Папу Стива, не имевшего доселе опыта столь серьезной шахматной игры, вдруг неожиданным образом озарило. Я понял, что подобная раскладка мне как бы уже известна.
Я увидел, как товарищ Сталин провел решительное наступление на королевском фланге. И тогда внутренний голос подсказал: «Ты играешь черными и еще не рокировался… Поэтому продолжай 13… h6 или даже …h5, и если 14. g5, то 14… Kg4».
А далее пошло так:
13… Кс5 14. Фg2 0–0 (?) 15. Ла 1 Лfе8 16. g5 Kfd7
17. Лd2 е5 18. Kf5 Ке6 19. К: е7 Л: е7 20. f5 Kd4 21. f6!

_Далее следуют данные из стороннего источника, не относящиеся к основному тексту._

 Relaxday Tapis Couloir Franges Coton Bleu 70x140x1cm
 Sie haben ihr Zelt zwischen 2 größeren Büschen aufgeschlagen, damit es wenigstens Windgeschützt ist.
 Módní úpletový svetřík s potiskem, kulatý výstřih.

Белые товарища Сталина успешно развивали атаку. Гагаринский черный король оказался в явной опасности.
21… Лее8 22. Ch5! 6 23. C:g6!
«Н-да, — с сомнением произнес некто внутри моего существа. — Фигура, которую схарчил у тебя вождь, делает победу твою весьма проблематичной, дружище сочинитель…»
— Давненько не брал я в руки шашек, — пробормотал Станислав Гагарин сакраментальную ноздревскую фразу, не собираясь, тем не менее сдаваться, не тот характер, Папа Стив привык бороться до конца.

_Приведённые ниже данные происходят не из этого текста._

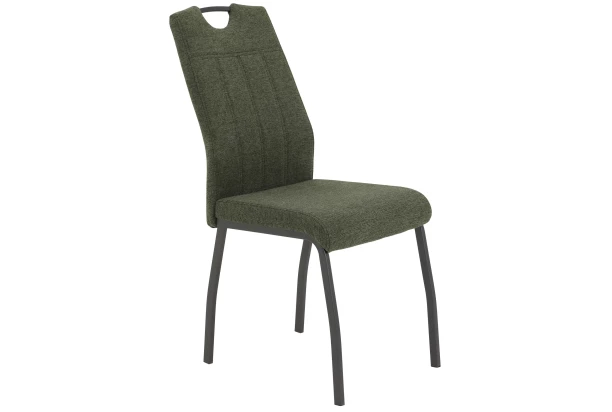 Moderní jídelní židle na antracitové kovové podnoži je doplněna praktickým kovovým madlem pro snadnou manipulaci při odsouvání od stolu. Pohodlně polstrovaná židle je očalouněna látkou v barvě zelená a doplněna proševem.
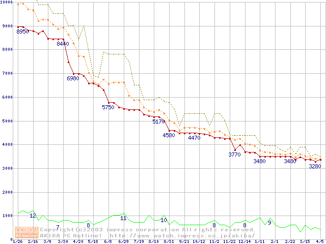 Socket A (PGA,FSB 200MHz,L2 64KB,Morgan)の最安値推移
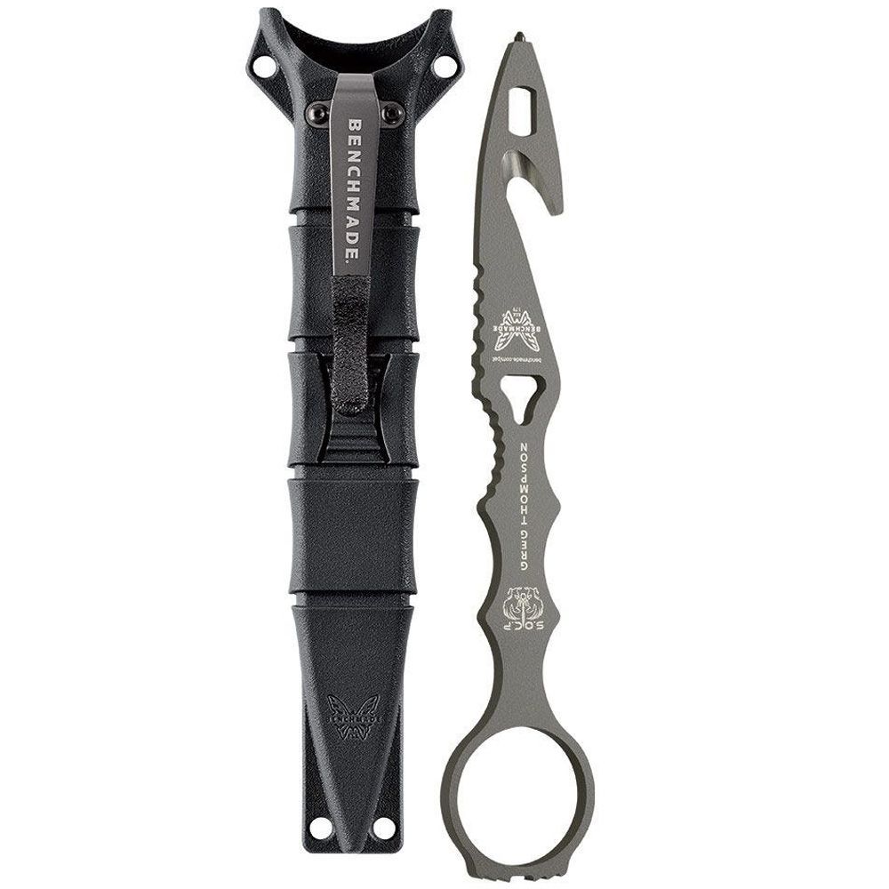 This Benchmade Rescue Tool was designed by Greg Thompson, head of the Special Operations Combatives Program (SOCP), as a high performance multi-purpose dagger for rescue action. Made out of 440C stainless steel it has good hardness and is able to stand up to any abuse, no matter what end of the tool you use. Its Injection Molded Plastic sheath provides formed protection for the blade and allows for easy deployment with its finger ring opening. Available in a black or sand sheath.
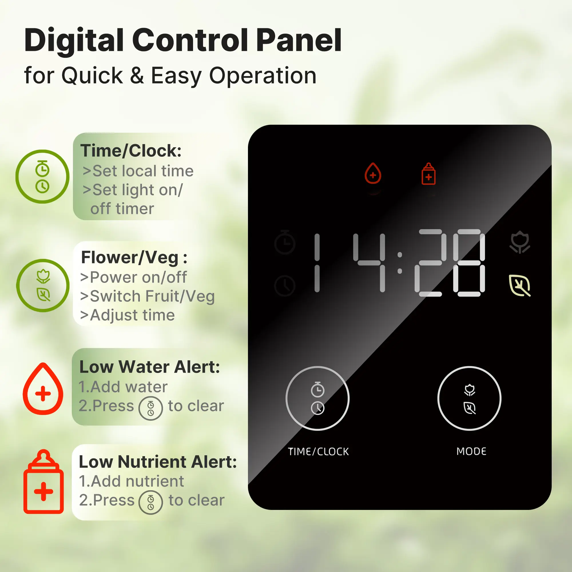 【Light Timer & Water Indicator】 This hydroponics growing system kit allows you to set the light start time to suit your unique growing needs. It also features water level indicators to ensure your plants stay healthy and thriving.

Но 23…hd — нельзя было 23… fd из-за 24. f7 +
Затем 24. Фh3 Кc6 25. Фh6 Фd8 26. Лf3.
«Над тобой нависла неотвратимая угроза, Одинокий Моряк», — с тревогой подумал я, напряженно глядя на шахматную доску —
27. Лh3.
Мои черные несли непоправимый урон.
26… K:f6. 27. gf Лас8 28. Лdf2 Ф:f6 29.:f6.
Я понял, что здесь можно было бы поставить точку, тем более, что товарищ Сталин с торжествующей ухмылкой ждал, когда я подниму руки. Но упрямства и мне не занимать, потому и сделали мои черные еще несколько судорожных ходов.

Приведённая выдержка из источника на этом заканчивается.